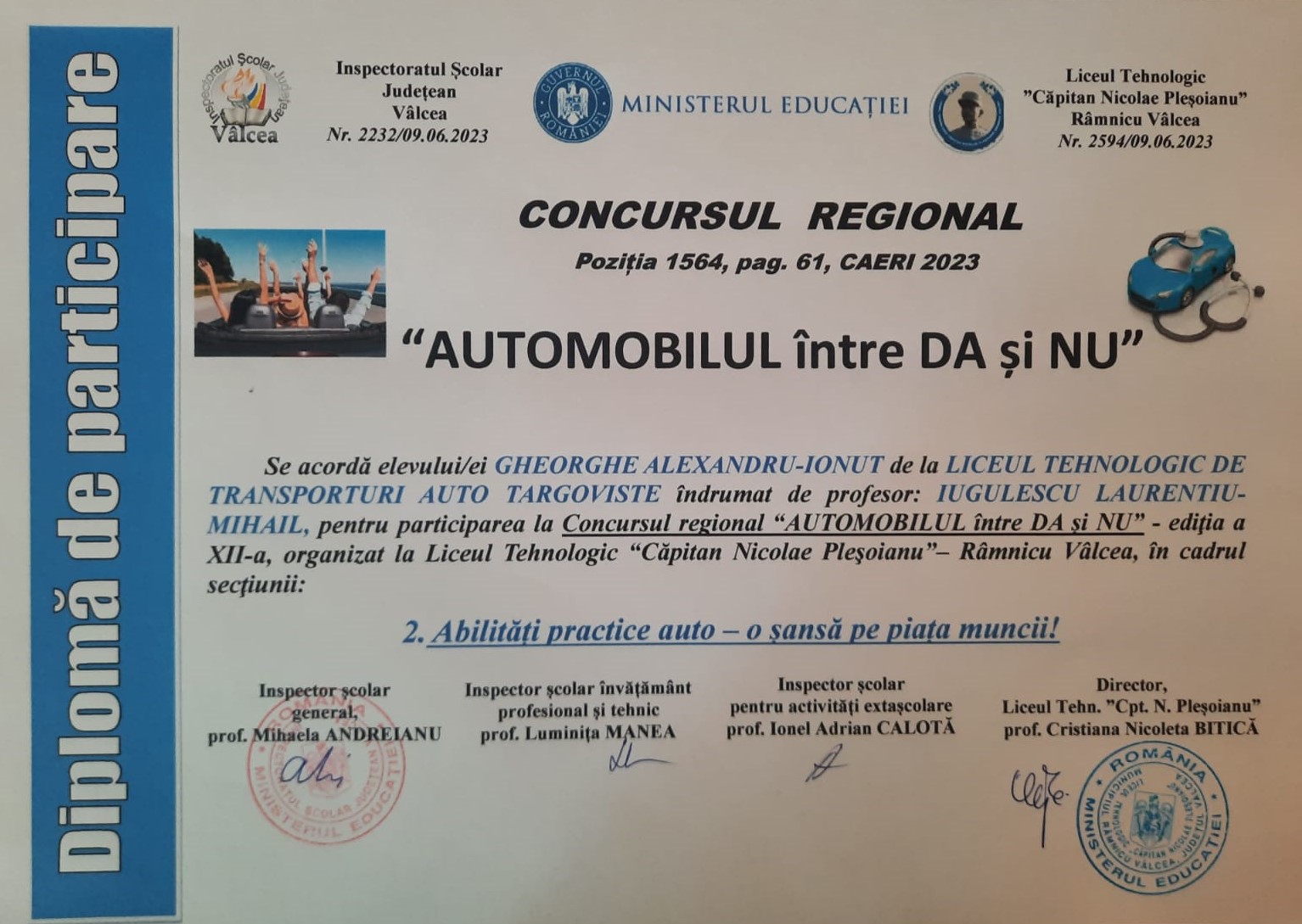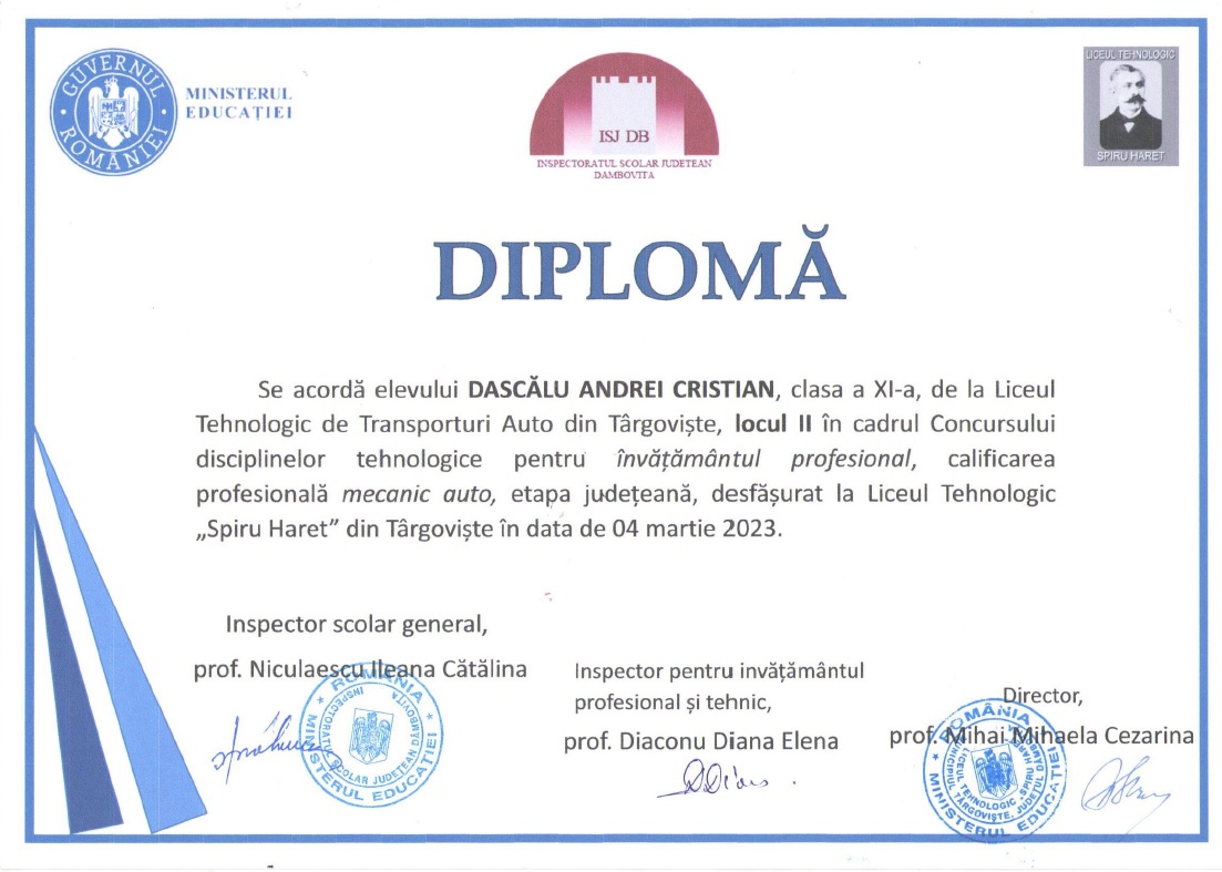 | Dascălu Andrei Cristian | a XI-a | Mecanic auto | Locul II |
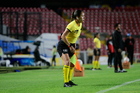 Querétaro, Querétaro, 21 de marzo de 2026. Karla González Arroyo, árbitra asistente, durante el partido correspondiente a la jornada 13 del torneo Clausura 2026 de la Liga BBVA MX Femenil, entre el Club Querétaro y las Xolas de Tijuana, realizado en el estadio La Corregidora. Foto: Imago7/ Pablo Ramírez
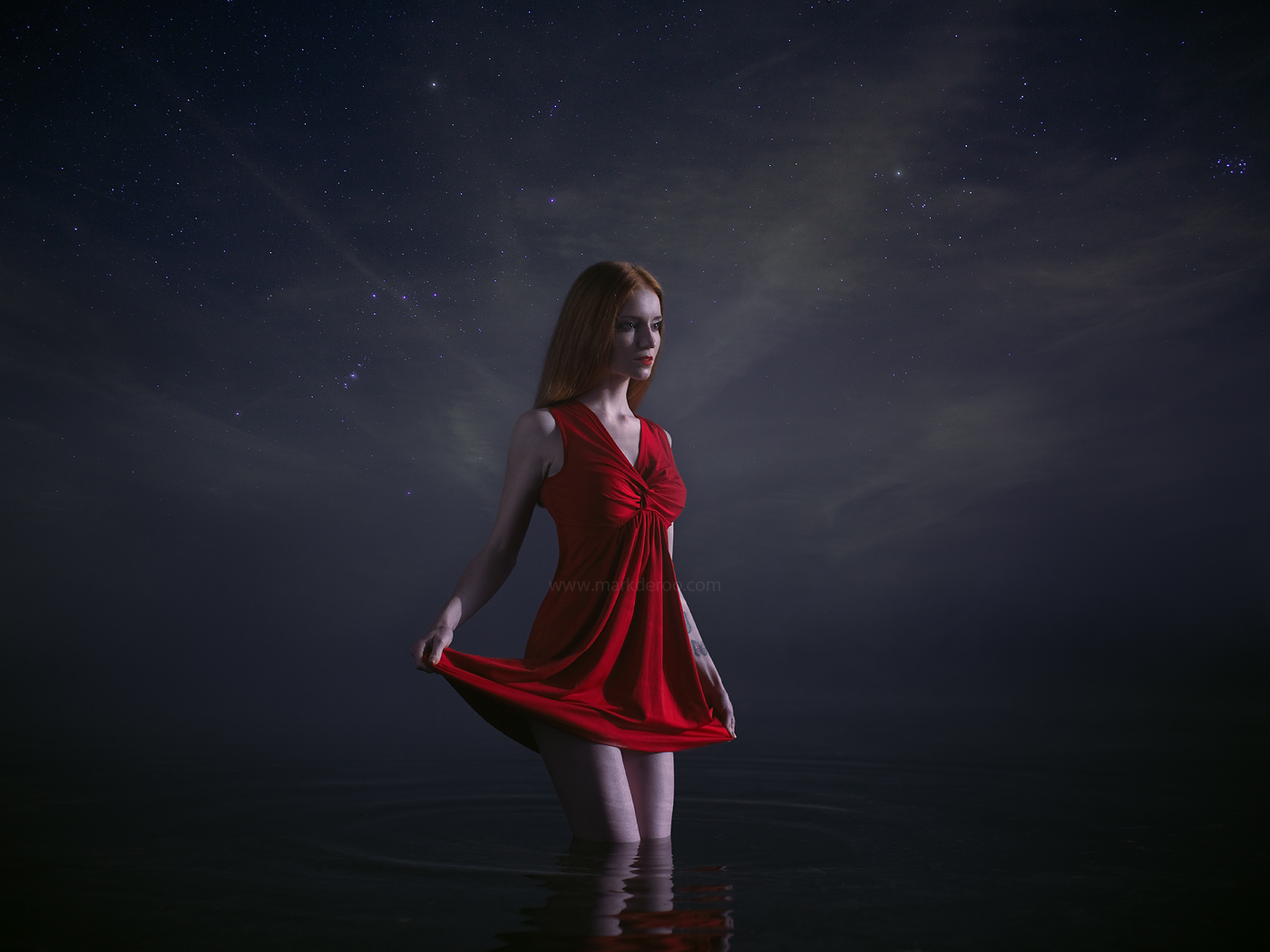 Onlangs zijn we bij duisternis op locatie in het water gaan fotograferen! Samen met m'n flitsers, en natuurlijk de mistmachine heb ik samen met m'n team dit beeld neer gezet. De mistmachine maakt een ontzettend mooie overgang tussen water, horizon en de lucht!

*****

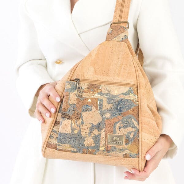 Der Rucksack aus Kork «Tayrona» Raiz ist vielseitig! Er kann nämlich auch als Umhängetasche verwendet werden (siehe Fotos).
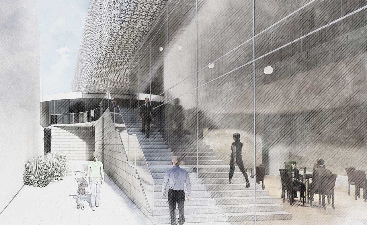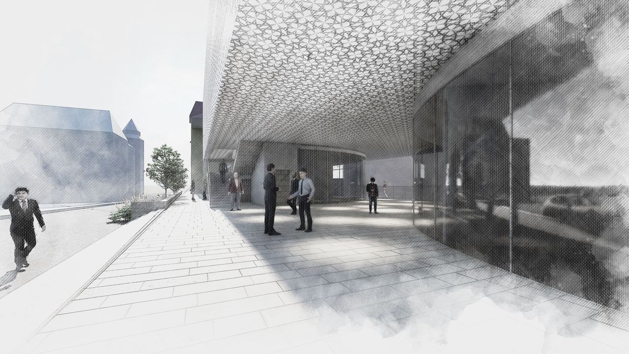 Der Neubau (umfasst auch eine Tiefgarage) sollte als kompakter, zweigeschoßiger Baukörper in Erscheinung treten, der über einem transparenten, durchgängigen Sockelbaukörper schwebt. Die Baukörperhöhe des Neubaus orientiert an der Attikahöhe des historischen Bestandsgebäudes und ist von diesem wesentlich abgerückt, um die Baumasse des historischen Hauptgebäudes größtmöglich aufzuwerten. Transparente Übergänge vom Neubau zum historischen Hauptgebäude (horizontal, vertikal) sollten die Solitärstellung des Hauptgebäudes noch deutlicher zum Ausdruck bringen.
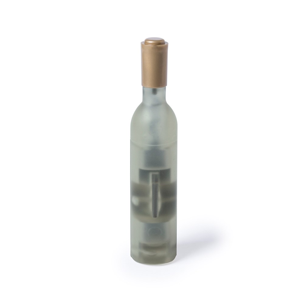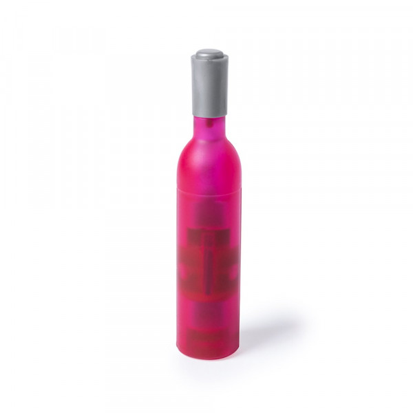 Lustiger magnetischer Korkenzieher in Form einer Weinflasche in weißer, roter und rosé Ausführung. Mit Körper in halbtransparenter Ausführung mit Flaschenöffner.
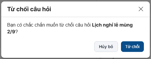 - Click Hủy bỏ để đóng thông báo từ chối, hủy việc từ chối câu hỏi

*****

> **Instructions for the task**:
The line holding "Der Rucksack aus" starts the copy and the line holding "- Click Hủy" ends it. Repeat those two lines above and all between them exactly, leaving out pictures.

> **Exercise answer**:
 Der Rucksack aus Kork «Tayrona» Raiz ist vielseitig! Er kann nämlich auch als Umhängetasche verwendet werden (siehe Fotos).
 Der Neubau (umfasst auch eine Tiefgarage) sollte als kompakter, zweigeschoßiger Baukörper in Erscheinung treten, der über einem transparenten, durchgängigen Sockelbaukörper schwebt. Die Baukörperhöhe des Neubaus orientiert an der Attikahöhe des historischen Bestandsgebäudes und ist von diesem wesentlich abgerückt, um die Baumasse des historischen Hauptgebäudes größtmöglich aufzuwerten. Transparente Übergänge vom Neubau zum historischen Hauptgebäude (horizontal, vertikal) sollten die Solitärstellung des Hauptgebäudes noch deutlicher zum Ausdruck bringen.
 Lustiger magnetischer Korkenzieher in Form einer Weinflasche in weißer, roter und rosé Ausführung. Mit Körper in halbtransparenter Ausführung mit Flaschenöffner.
 - Click Hủy bỏ để đóng thông báo từ chối, hủy việc từ chối câu hỏi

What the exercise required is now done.